Could you give again exactly, and only, the lines from the one holding "e alta inflamabilidade" through the end of the data, both ends included, with pictures left out?

Material for this exercise:
BEGIN

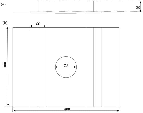 Double-T-stringers composite specimen (all dimensions have millimetres units). (a) Cross-section view; (b) frontal view.
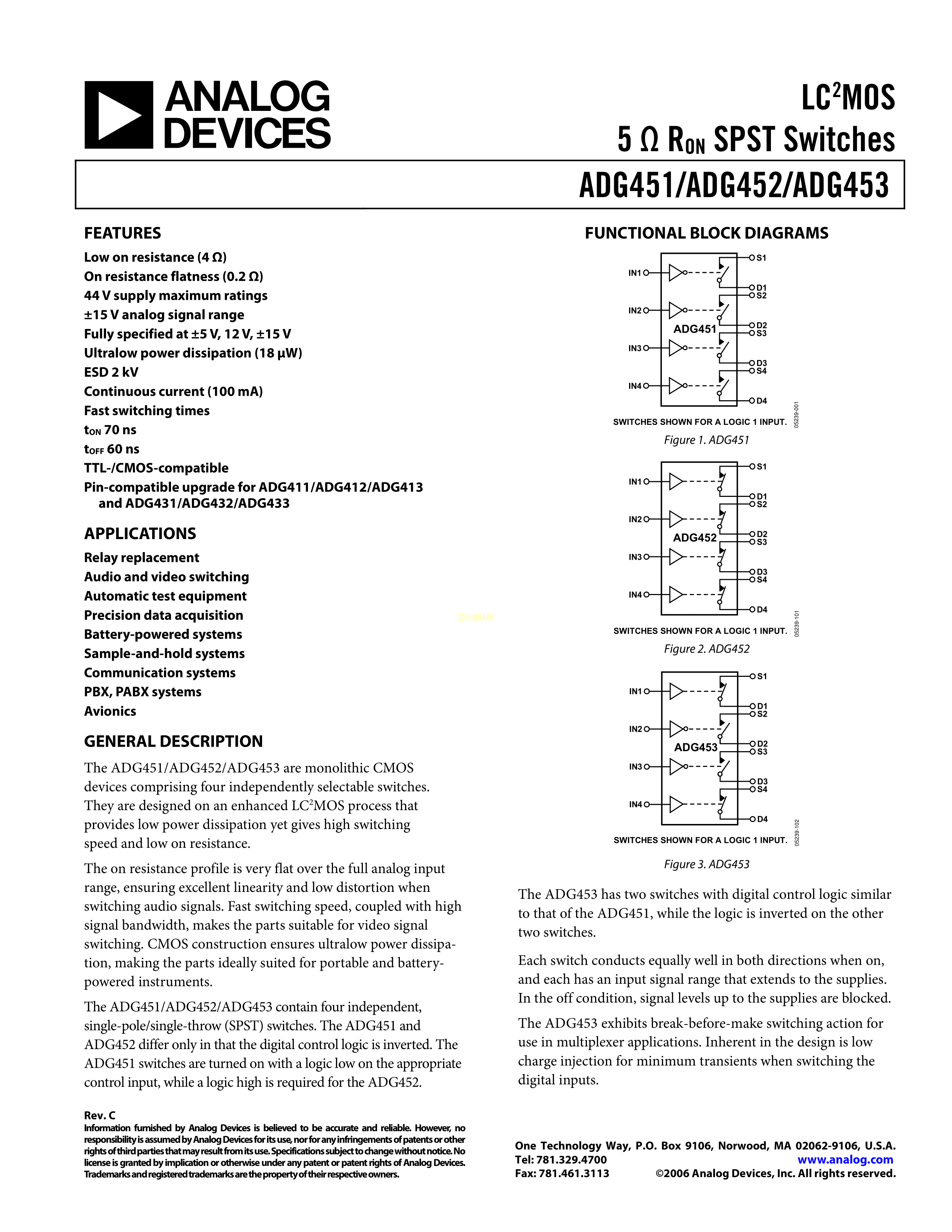 ADG451BRUZ数据手册TSSOP-16封装ADI(亚德诺)-LINEARPDF规格书,中英文下
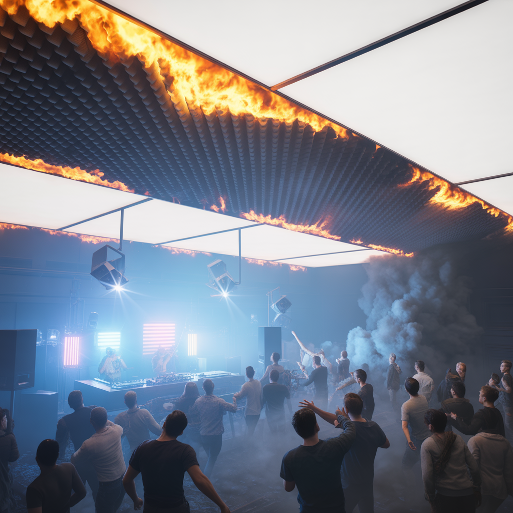 • As faíscas atingiram diretamente o teto, onde havia sido instalada espuma acústica de baixa qualidade e alta inflamabilidade
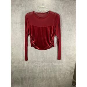 Sheer Velvet Top Women's Large Deep Red Mesh Cropped Whimsigoth Fairy Baddie
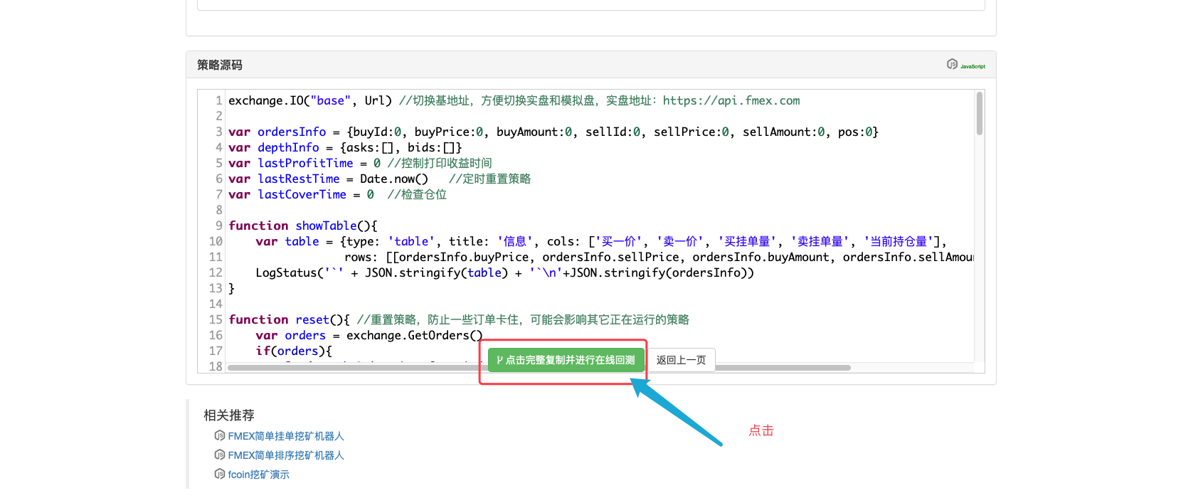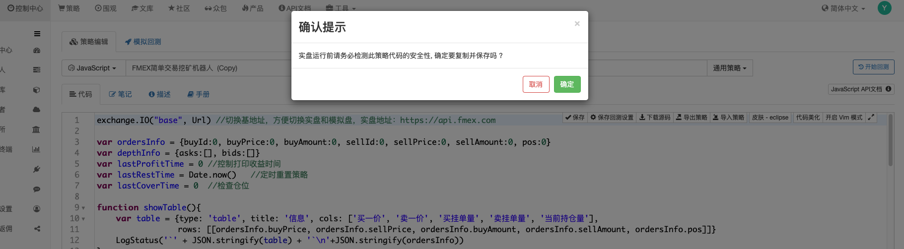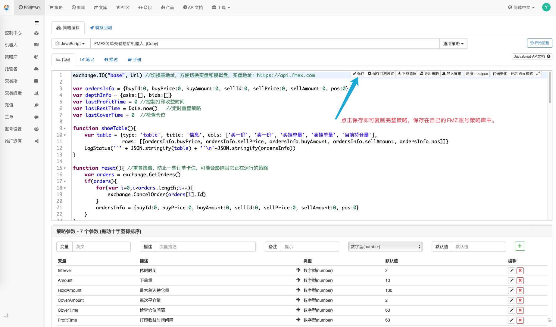 跳转至策略回测页面后,点击保存,保存完整策略到自己的FMZ账号策略库中。
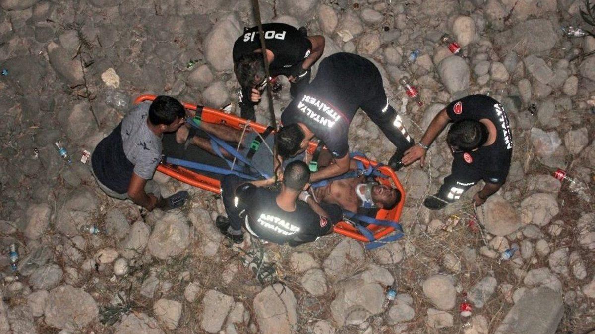 Antalya’nın Kemer ilçesinde duvar üzerinde otururken 6 metre yükseklikten kuru dere yatağına düşen genç, itfaiye tarafından kurtarıldı.

END

Task response:
 • As faíscas atingiram diretamente o teto, onde havia sido instalada espuma acústica de baixa qualidade e alta inflamabilidade
 Sheer Velvet Top Women's Large Deep Red Mesh Cropped Whimsigoth Fairy Baddie
 跳转至策略回测页面后,点击保存,保存完整策略到自己的FMZ账号策略库中。
 Antalya’nın Kemer ilçesinde duvar üzerinde otururken 6 metre yükseklikten kuru dere yatağına düşen genç, itfaiye tarafından kurtarıldı.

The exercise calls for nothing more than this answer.